%%
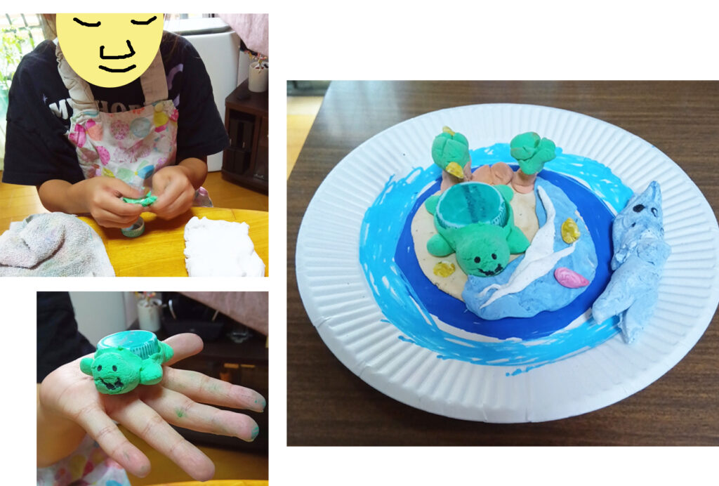 Mちゃん、歌いながら、描いてます。Mちゃんは、紙粘土でカメを作ります。そして、島を作って、波を作って・・・と、どんどん作っていきます。あと残り15分くらいのとき、トラも作り始めました。もっと作ってたいなあ、というのでした。そんな勢いは、絵にも紙粘土にも現れてると思います。
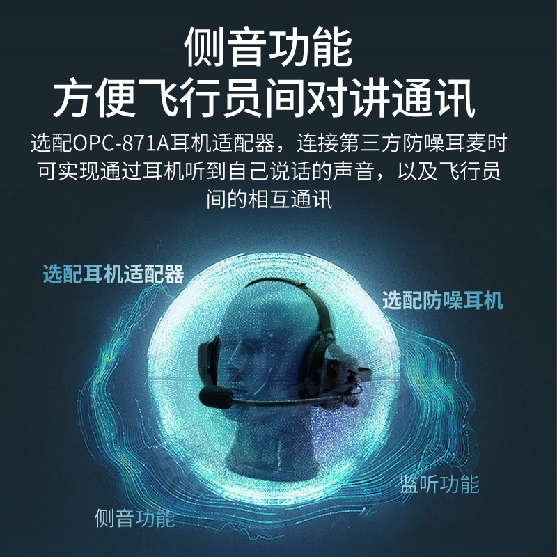 側音功能  當使用選配件OPC-871A耳機適配器連接一個第三方的耳機時,側音功能就可以通過耳機聽到自己說話的聲音,即使在使用麥克風時,自己的聲音也可以從耳機中監聽到。
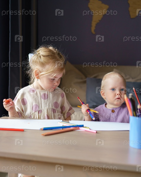 Двое детей, сестра и маленький брат, рисуют карандашами вместе дома
%%
Once the pictures are set aside, what is needed is the lines from the line with "側音功能  當使用選配件OP" through the end of the data, written out exactly and alone.

 側音功能  當使用選配件OPC-871A耳機適配器連接一個第三方的耳機時,側音功能就可以通過耳機聽到自己說話的聲音,即使在使用麥克風時,自己的聲音也可以從耳機中監聽到。
 Двое детей, сестра и маленький брат, рисуют карандашами вместе дома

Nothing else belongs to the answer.